Modify the tree algo such that as you insert elements into the tree all nodes encountered during insertion and deletion keep a count of the number of elements under each branch.
Then when you are extracting data from the tree you can calculate the index as you go, and know which branch to take based on whether is greater or less than the index you are trying to extract.
One other consideration. 10M elements+ in a tree that uses dynamic memory allocation will suck up alot of memory overhead. i.e. The pointers may take up more space than your actual data, plus whatever other member is used to implement the data structure. This will lead to serious memory fragmentation, and in the worst cases, degrade the system's overall performance. (Churning data back and forth from virtual memory.) You might want to consider implementing a combination of block and dynamic memory allocation. Something where in you sort the tree into blocks of data, thus reducing the memory overhead.

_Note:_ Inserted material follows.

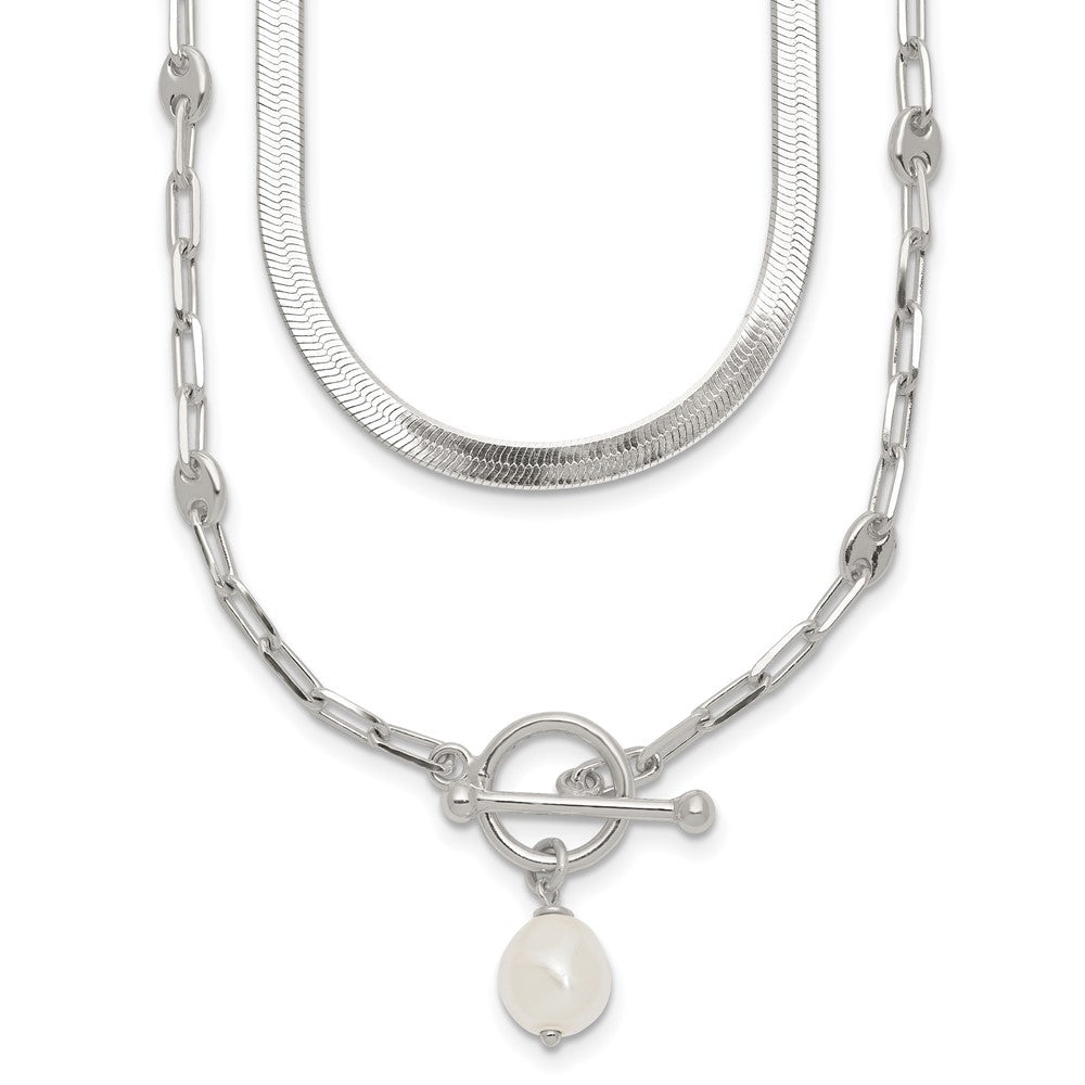 Sterling Silver Polished Baroque White Crystal Pearl Multi-strand 14 inch with 2 inch Extension Necklace

Check out the comparison of sorting algorithms in Wikipedia.
Randomized Jumplists are interesting as well.
They require less space as BST and skiplists.
Insertion and deletion is O(log n)
By a "set of double data," do you mean a set of real-valued numbers? One of the more commonly used algorithms for that is a heap sort, I'd check that out. Most of its operations are O( n * log(n) ), which is pretty good but doesn't meet all of your criteria. The advantages of heapsort is that it's reasonably simple to code on your own, and many languages provide libraries to manage a sorted heap.